WHAT NEEDS TO BE DONE
All that is wanted is the line with "青梅こども未来の原愉美子先生によるストレッチの講座が開催されています。" and each line after it to the end of the data below, set down exactly and without pictures.

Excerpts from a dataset
○ ○ ○
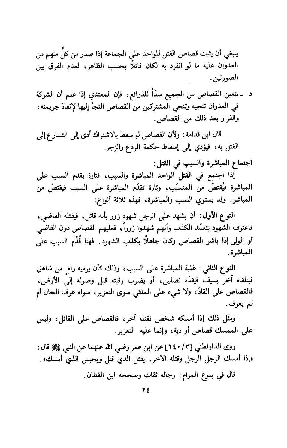 د - يتعين القصاص من الجميع سداً للذرائع، فإن المعتدي إذا علم أن الشركة في العدوان تنجيه وتنجي المشتركين من القصاص التجأ إليها لإنفاذ جريمته، والفرار بعد ذلك من القصاص.
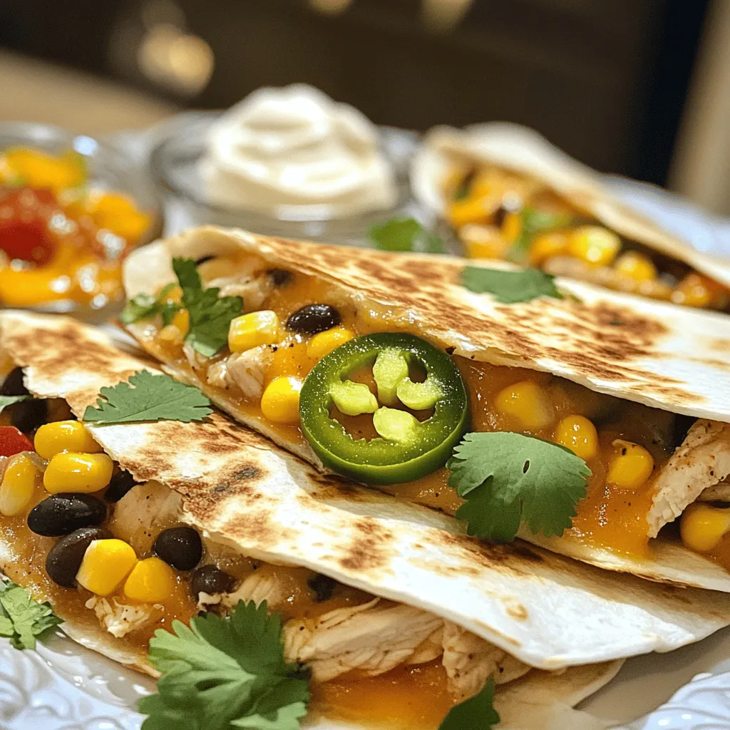 ![- 2 large chicken breasts, diced into bite-sized pieces - 1 tablespoon olive oil - 1 teaspoon taco seasoning - 1 teaspoon smoked paprika - 1 jalapeño, finely chopped - 1 cup corn kernels - 1 cup black beans - 1 cup shredded cheddar cheese - 1 cup shredded Monterey Jack cheese - 4 large flour tortillas - Salt and pepper, to taste - 1/4 cup fresh cilantro, chopped - Sour cream and salsa, for serving When I cook spicy chicken quesadillas, I focus on fresh and simple ingredients. The chicken breasts are the star here. I like to cut them into small pieces for quick cooking. This way, they soak up all the flavors from spices like taco seasoning and smoked paprika. Next, I add a jalapeño for heat, but you can remove the seeds for less spice. Corn and black beans add sweetness and texture. Together, they create a colorful filling. Cheese is crucial for that melty goodness. I mix cheddar and Monterey Jack for a creamy blend. Don’t forget the large flour tortillas; they wrap everything up nicely. Finally, I season with salt and pepper. Fresh cilantro is my go-to garnish. It brightens the dish. I serve these quesadillas with sour cream and salsa. These additions bring out the best flavors. For the full recipe, check the details above. - Heat olive oil in a large skillet. - Add diced chicken and season with taco seasoning and smoked paprika. - Cook until chicken is thoroughly cooked, about 7-10 minutes. In this step, make sure the skillet is hot enough. You want the chicken to sizzle when it hits the pan. The taco seasoning adds a great flavor. Smoked paprika gives a nice smoky touch. Stir the chicken often. This helps it cook evenly. You’ll know it’s ready when there’s no pink left. - Stir in chopped jalapeño, corn, and black beans. - Cook for an additional 2-3 minutes. Now, it’s time to boost the flavor. Adding jalapeños brings some heat. If you want it milder, remove the seeds. The corn adds sweetness, while black beans give protein. Mix everything well. Let them cook together for a few minutes. This melds the flavors nicely. - Place flour tortilla in a skillet and sprinkle with cheese. - Add chicken and vegetable mixture and fold. - Cook until golden brown on both sides. Grab a large skillet again. Place one tortilla in it and sprinkle half the cheese on top. Next, scoop some of the chicken and vegetable mix onto one half. Fold the tortilla over. This creates a pocket of goodness! Cook until the bottom is golden brown. Flip it carefully. Both sides should be crispy and brown. - Slice quesadillas into wedges. - Garnish with cilantro and serve with sour cream and salsa. Once cooked, take the quesadilla out. Let it cool for a minute. Then, slice it into wedges. This makes dipping easy. Sprinkle fresh cilantro on top for a burst of flavor. Serve with sour cream and salsa on the side. These add a creamy and tangy element to your dish. For the full recipe, check out the details above! - Ensure chicken is thoroughly cooked to avoid any raw texture. - Use a non-stick skillet for easier flipping. When cooking chicken, make sure it reaches an internal temperature of 165°F. This keeps it safe and tasty. I often check by cutting a piece in half to see if it's no longer pink. A non-stick skillet helps prevent the quesadillas from sticking. This way, flipping them becomes a breeze. - Experiment with different cheeses for added flavor. - Adjust jalapeño amount based on spice preference. Trying different cheeses can change the whole dish. You might love a mix of pepper jack and cheddar for a spicy kick! If you like it mild, reduce the jalapeño. On the other hand, if you crave heat, toss in more. Every bite should be just right for you. - Pair with Mexican rice or a fresh salad. - Serve with lime wedges for a citrusy twist. I love serving these quesadillas with Mexican rice. It adds a nice touch and makes the meal more filling. A fresh salad with crunchy veggies offers a great contrast. Don’t forget lime wedges! A squeeze of lime adds a bright flavor that complements the spices perfectly. For the full recipe, check out the section above. {{image_4}} You can make spicy chicken quesadillas vegetarian by swapping chicken for grilled vegetables or tofu. Try using bell peppers, zucchini, or mushrooms. These veggies will soak up the spices and add great taste. Tofu gives a nice texture and protein. Just make sure to season them well with taco seasoning. If you prefer other meats, use beef or shrimp instead of chicken. Both will bring their own unique flavors. For beef, consider using ground beef or steak strips. For shrimp, use peeled and deveined shrimp. Explore different marinades for varied flavors. A spicy marinade can add excitement to your filling! Cheese is key in quesadillas. You can try pepper jack cheese for some extra heat. Its creamy texture matches well with the spicy filling. Goat cheese is another option for a creamy twist. It melts nicely and adds a tangy flavor. Mixing different cheeses can create a rich, delicious taste! For the full recipe, check out the [Full Recipe]. Store any leftover quesadillas in an airtight container. They will last in the fridge for up to 3 days. This way, you can enjoy them again and save time on cooking. You can freeze uncooked quesadillas for later use. Just prepare them as you normally would, but do not cook them. Wrap each quesadilla tightly in plastic wrap. Cooked quesadillas can also be frozen for up to one month. This is a great way to have a quick meal ready. To reheat, use a skillet for the best texture. Heat the skillet over medium heat and add the quesadilla. Cook until heated through and crispy. If you need a quick option, a microwave works too. Just place the quesadilla on a plate, cover it with a paper towel, and heat for about 30 seconds to 1 minute. Enjoy your tasty meal! You can use beans or grilled vegetables as a filling. Black beans work well. They add protein and fiber. Grilled peppers or zucchini also give a great taste. This optio
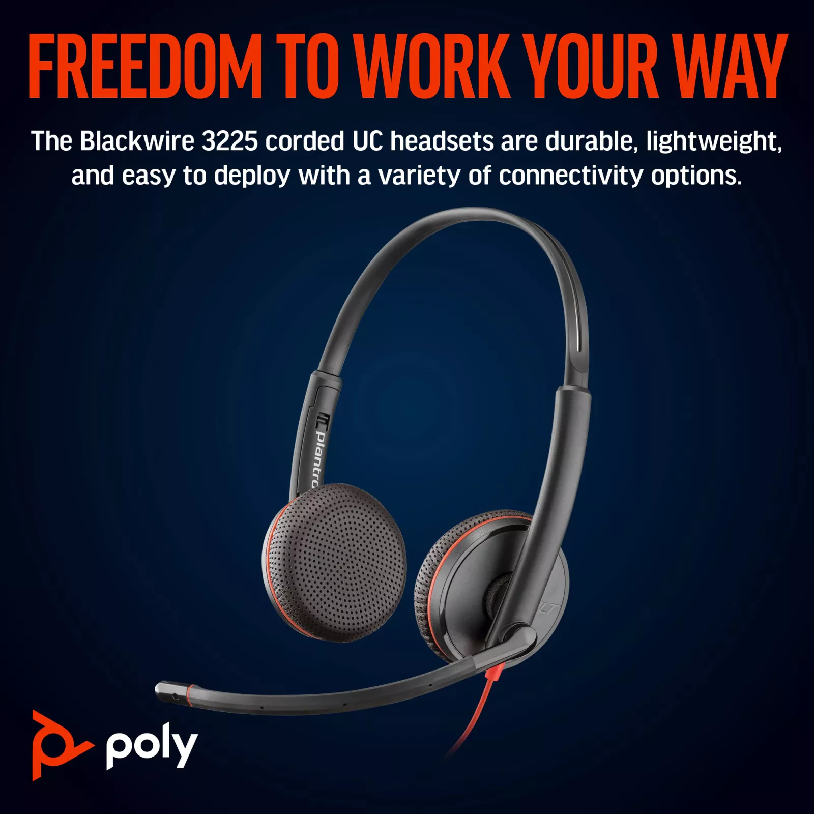 Гарнитура Poly BlackWire C3225 (80S11AA) - аксессуар премиумкласса, предназначенный для продуктивной работы в гибридных рабочих средах, прослушивания любимой музыки и общения без помех. Она подарит звук Hi-Fi качества. Мягкие амбушюры из экокожи и легкое металлическое обнажение обеспечивают комфорт при ношении в течение целого дня..
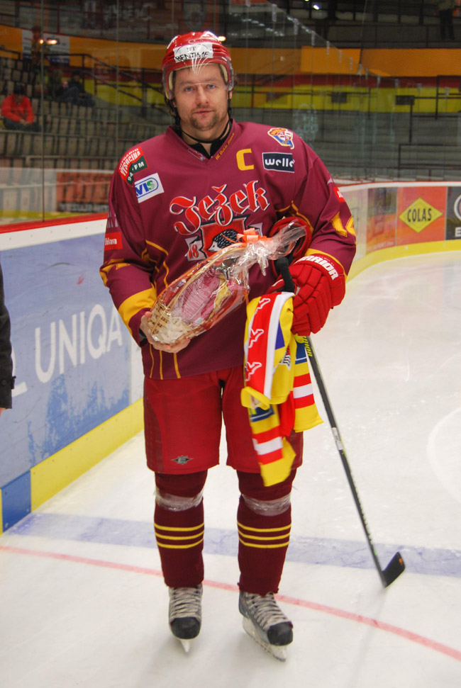To chtěl potvrdit i v dnešním utkání s Kadaní a dát si k jubileu branku jako dárek. Bohužel se mu to nepovedlo. "Soupeř hraje o osmičku, tak přijel především bránit. Nebylo to jednoduché," uznal kvality kadaňských hráčů. "Ve třetí třetině to tam naštěstí napadalo a vyhráli jsme," pravil s úsměvem na tváři.
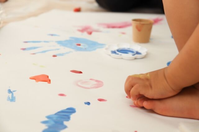 1歳児は手形アートだって。カワイイ。笑
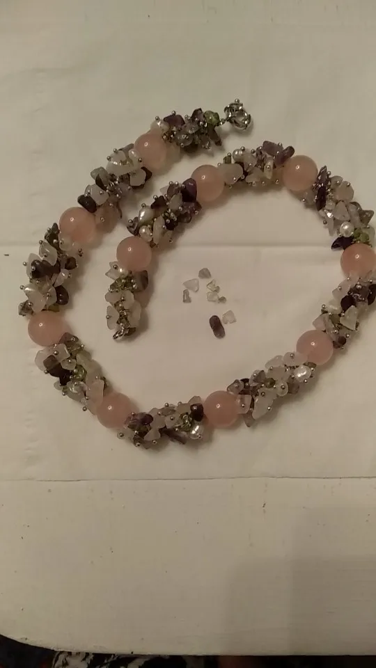 Не соответствует фото : в ожерелье должно быть 11 основных кварцевых бусин. Мне прислали ожерелье, в котором всего 10 таких бусин, какой-то укороченный вариант. Упаковано в 1 слой пупырчатой пленки, поэтому мелкие камешки ожерелья разбились. Крайнее неуважение к покупателю.
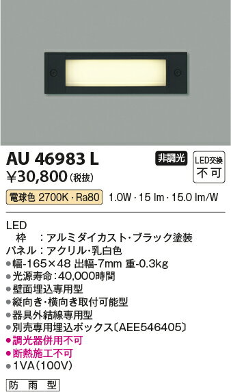 LED(電球色)LED1.0Wランプ:LED●アルミダイカスト・黒色塗装●パネル:アクリル・乳白色●幅-165×48 出幅-7mm 重-0.3kg●消費電力:1.0W●定格光束:15 lm●色温度:2700K●演色性:Ra80●光源寿命:40000時間●壁面埋込専用型●縦向き・横向き取付可能型●断熱施工不可●器具外結線専用型●別売専用埋込ボックス〔AEE546405〕●調光器との併用はできません検索用カテゴリ9【LED照明】 【電球色】 【非調光】 【防雨】
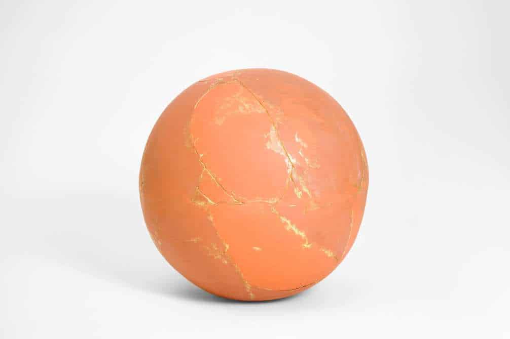 Sculpture in red earthenware and red grogged earthenware, accented with fluid gilded traces in 23 carat gold leaf. Subtle shifts in texture and tone animate the surface, giving the sphere a quiet, organic luminosity.
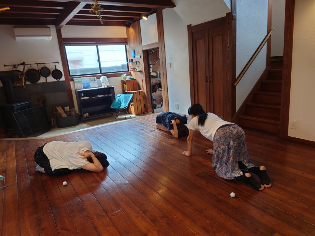 青梅こども未来の原愉美子先生によるストレッチの講座が開催されています。
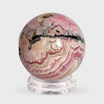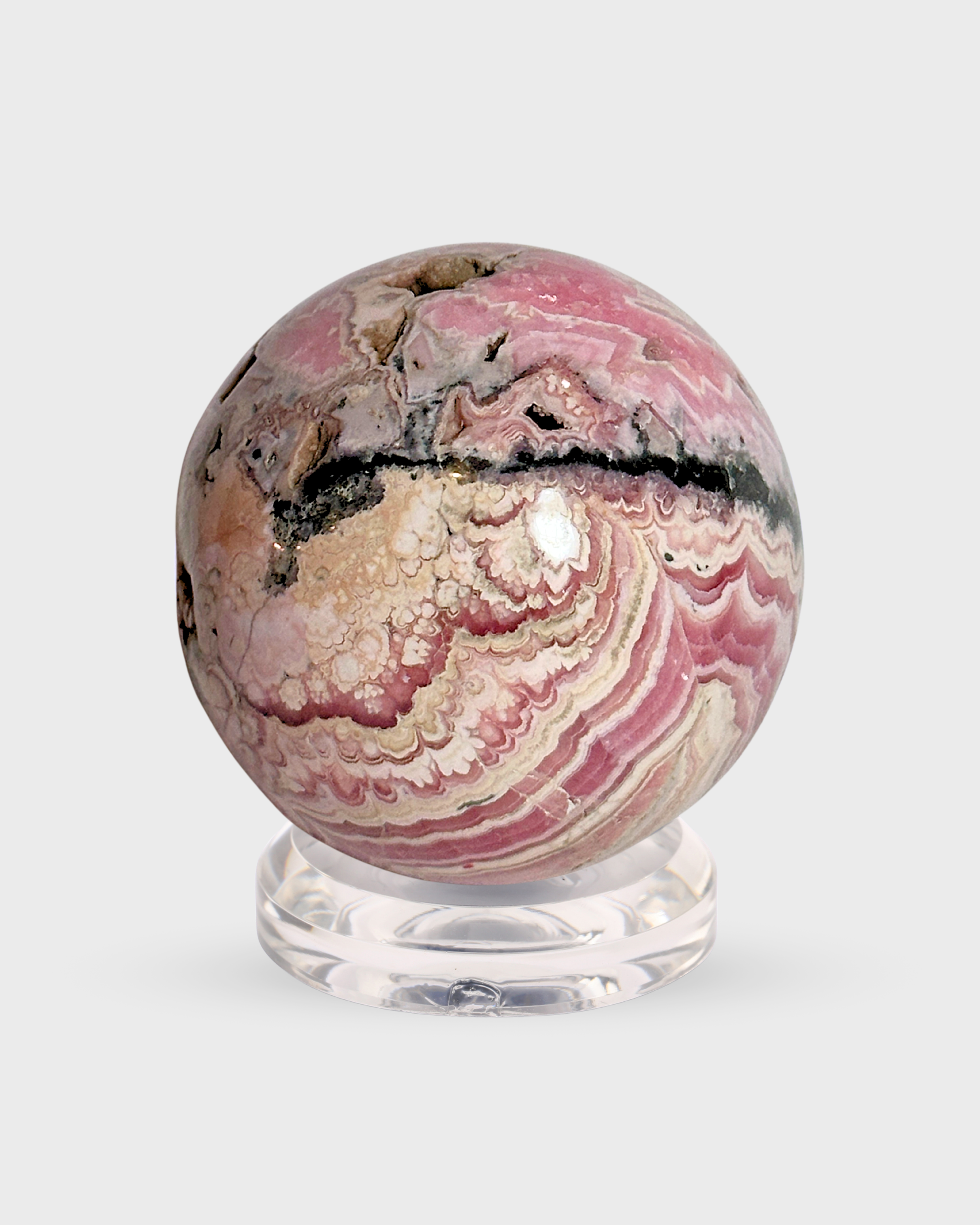 Delicate pink bands and intricate layers make this Rhodochrosite sphere a treasure of love and compassion. A radiant piece that uplifts the heart and harmonizes energy.
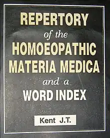 Homeopathic preparations are referred to as "homeopathic remedies".[82] Practitioners rely on two types of reference when prescribing: Materia medica and repertories. A homeopathic materia medica is a collection of "drug pictures", organized alphabetically. A homeopathic repertory is a quick reference version of the materia medica that indexes the symptoms and then the associated remedies for each. In both cases different compilers may dispute particular inclusions in the references.[83] The first symptomatic homeopathic materia medica was arranged by Hahnemann. The first homeopathic repertory was Georg Jahr's Symptomenkodex, published in German in 1835, and translated into English as the Repertory to the more Characteristic Symptoms of Materia Medica in 1838. This version was less focused on disease categories and was the forerunner to later works by James Tyler Kent.[84][85] There are over 118 repertories published in English, with Kent's being one of the most used.[86]
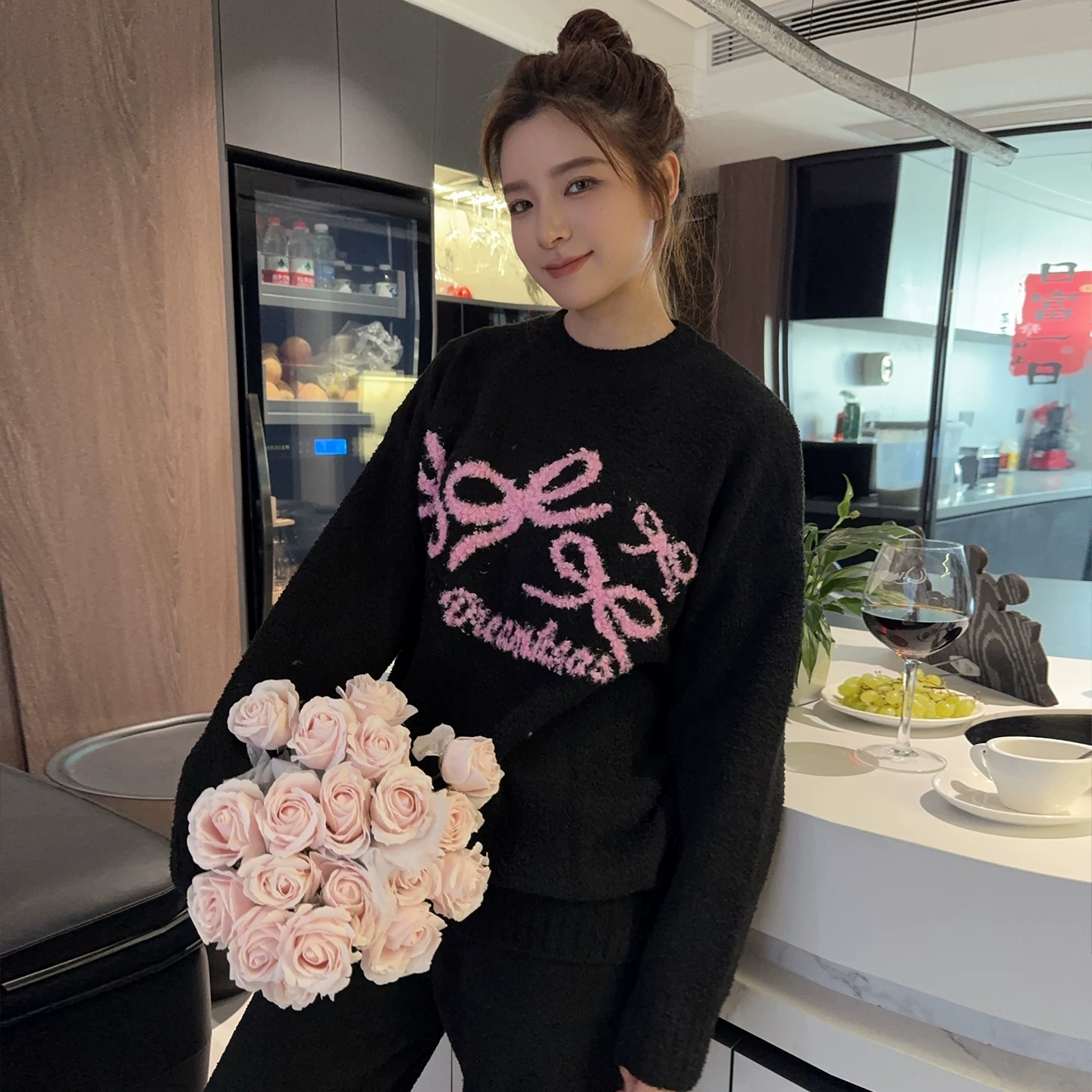 黑色半边绒保暖加绒冬季圆领家居服
○ ○ ○
OUTPUT OF THE TASK
 青梅こども未来の原愉美子先生によるストレッチの講座が開催されています。
 Delicate pink bands and intricate layers make this Rhodochrosite sphere a treasure of love and compassion. A radiant piece that uplifts the heart and harmonizes energy.
 Homeopathic preparations are referred to as "homeopathic remedies".[82] Practitioners rely on two types of reference when prescribing: Materia medica and repertories. A homeopathic materia medica is a collection of "drug pictures", organized alphabetically. A homeopathic repertory is a quick reference version of the materia medica that indexes the symptoms and then the associated remedies for each. In both cases different compilers may dispute particular inclusions in the references.[83] The first symptomatic homeopathic materia medica was arranged by Hahnemann. The first homeopathic repertory was Georg Jahr's Symptomenkodex, published in German in 1835, and translated into English as the Repertory to the more Characteristic Symptoms of Materia Medica in 1838. This version was less focused on disease categories and was the forerunner to later works by James Tyler Kent.[84][85] There are over 118 repertories published in English, with Kent's being one of the most used.[86]
 黑色半边绒保暖加绒冬季圆领家居服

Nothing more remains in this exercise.